Cash flows from financing activities include an increase in short-term borrowings of $6.3 million. These proceeds were principally used to repay long-term debt of $3.2 million and to fund the difference between the amounts expended for investing activities and the amounts achieved in cash flow from operations.
CRITICAL ACCOUNTING POLICIES
The preparation of the Company’s financial statements, in conformity with accounting principles generally accepted in the United States of America, requires management to make estimates and assumptions that affect the reported amounts of assets and liabilities and disclosure of contingent assets and liabilities at the date of the financial statements and the reported amounts of revenues and expenses during the reporting period. Actual results could differ from those estimates. The following is a summary of the Company’s most critical accounting policies, which are defined as those policies in which judgments or uncertainties could materially affect the application of those policies. For a complete discussion of the Company’s significant policies, refer to the attached financial statements and Note 1: Summary of Significant Accounting Policies.

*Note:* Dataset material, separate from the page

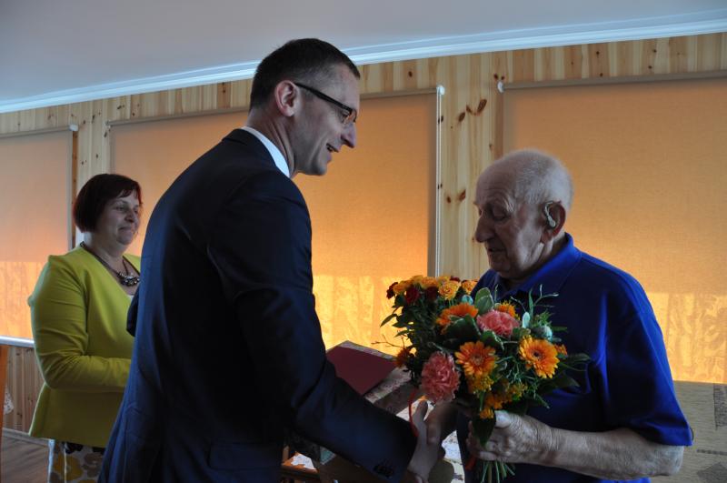 Z tej okazji przedstawiciele władz miasta, Burmistrz Janusz Wróbel oraz Przewodnicząca Rady Miasta Małgorzata Czarnecka - Szafrańska odwiedzili dostojnego Jubilata, aby złożyć najserdeczniejsze życzenia, wręczyć prezent, kwiaty i list gratulacyjny.
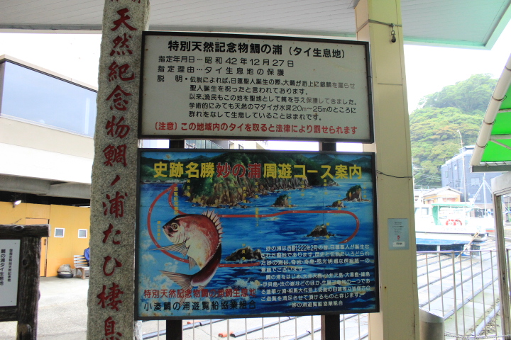 遊覧船は、通常30〜150メートルの深海に生息するマダイが、浅瀬の海面に群れをなして現れるという、世界的にも珍しい現象を観察することができます。船の縁を叩くと、鯛たちが海面に姿を現し、船頭が投げ入れるエサを食べる様子は、訪れる人々を魅了しています。この地域では、鯛は日蓮聖人の化身として大切にされており、漁獲は禁止されています。

Regulatory Accounting –The Company is a regulated utility and its principal business is the distribution of electricity and natural gas. Accordingly, the Company uses the provisions of Statement of Financial Accounting Standards (SFAS) No. 71, “Accounting for the Effects of Certain Types of Regulation.” In accordance with SFAS No. 71, the Company has recorded Regulatory Assets and Regulatory Liabilities which will be recovered in future electric and gas retail rates. As a regulated utility, the company’s utility investments and operating costs are subject to periodic review by State and Federal regulatory authorities and may be subject to disallowance or adjustment for recovery from ratepayers. The Company also has commitments under long-term contracts for the purchase of electricity from various suppliers. The annual costs under these contracts are included in Fuel and Purchased Power and Gas Purchased for Resale in the Consolidated Statements of Earnings and these costs are recoverable in current and future rates under various orders issued by state and federal regulators.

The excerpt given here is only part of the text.